Task goal —
Retype the lines of the material below, exactly and only, from the one containing "Fundsではこれまで、人気" through the last line, with pictures left out.
───── Dataset section
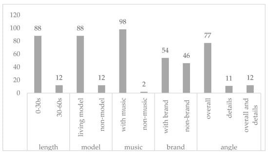 We found some characteristics of short video displays by sorting and summarizing 100 clothes retailers’ short videos as shown in Figure 1. The shortest video was 10 s in length, and the longest video was 60 s in length. Furthermore, 12 retailers did not adopt living models; instead, products were displayed in flat and T-stage ways. Ninety-eight retailers’ videos contained background music; however, some retailers used the same music for multiple products, and mismatches between the style of music and the clothing style were found to exist. Fifty-four retailers highlighted their brand in the video. Seventy-seven retailers displayed overall product information. Generally, videos that did not contain a model covered more of the details of products. Analyzed in terms of video length, 30 s was found to be the threshold value; videos longer than this were considered to be long videos, and videos shorter than this were considered to be short videos. Eighty-eight percent of shops displayed short videos. The majority of shops used living models and fashionable background music, and they highlighted the brand at the start or the end of a video. The majority of shops displayed overall product information, then covered the product both overall and in detail.
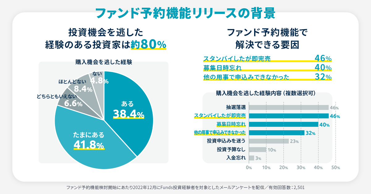 Fundsではこれまで、人気のファンドが公開後数分で満額になってしまうことや、ファンド募集開始のタイミングを逃す等で、一部の投資家から「投資したいファンドへの投資の申込ができなかった」というお声をいただいておりました。投資家の皆さまには日常生活で多忙の中、サイトにログインした状態でファンド公開のタイミングを待つ等のご不便をおかけすることもあり、解決すべき課題として認識をしておりました。
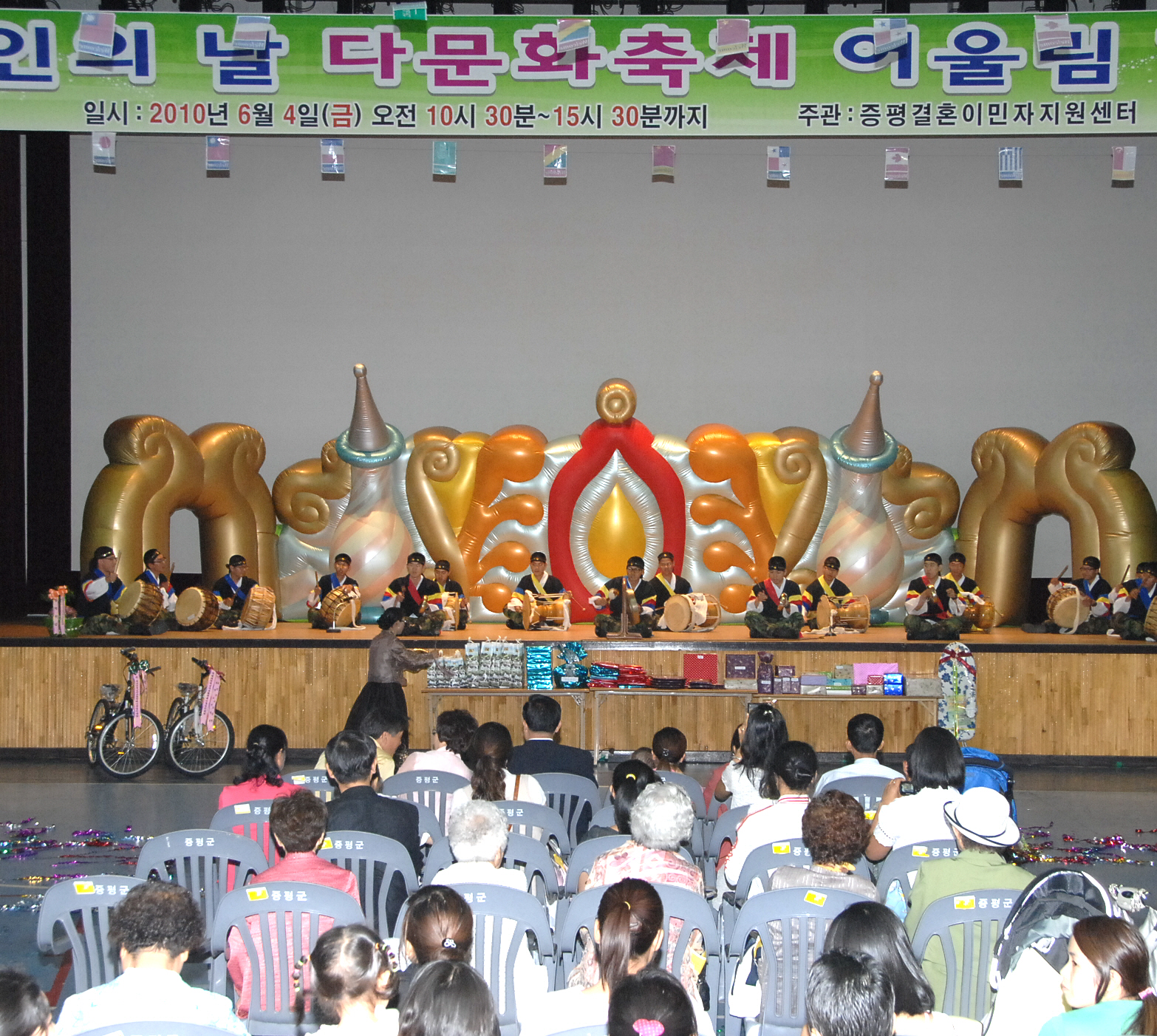 증평지역에 거주하는 외국인주민들의 사회 정착을 돕고 다문화 가정에 대한 인식 전환의 계기를 마련하기 위한 2010년도 다문화 축제가 4일 증평종합스포츠센터에서 외국인주민 및 가족, 주민 등 200여명이 참석한 가운데 열렸다.[보도자료실 참조]
──────────
Answer area —
 Fundsではこれまで、人気のファンドが公開後数分で満額になってしまうことや、ファンド募集開始のタイミングを逃す等で、一部の投資家から「投資したいファンドへの投資の申込ができなかった」というお声をいただいておりました。投資家の皆さまには日常生活で多忙の中、サイトにログインした状態でファンド公開のタイミングを待つ等のご不便をおかけすることもあり、解決すべき課題として認識をしておりました。
 증평지역에 거주하는 외국인주민들의 사회 정착을 돕고 다문화 가정에 대한 인식 전환의 계기를 마련하기 위한 2010년도 다문화 축제가 4일 증평종합스포츠센터에서 외국인주민 및 가족, 주민 등 200여명이 참석한 가운데 열렸다.[보도자료실 참조]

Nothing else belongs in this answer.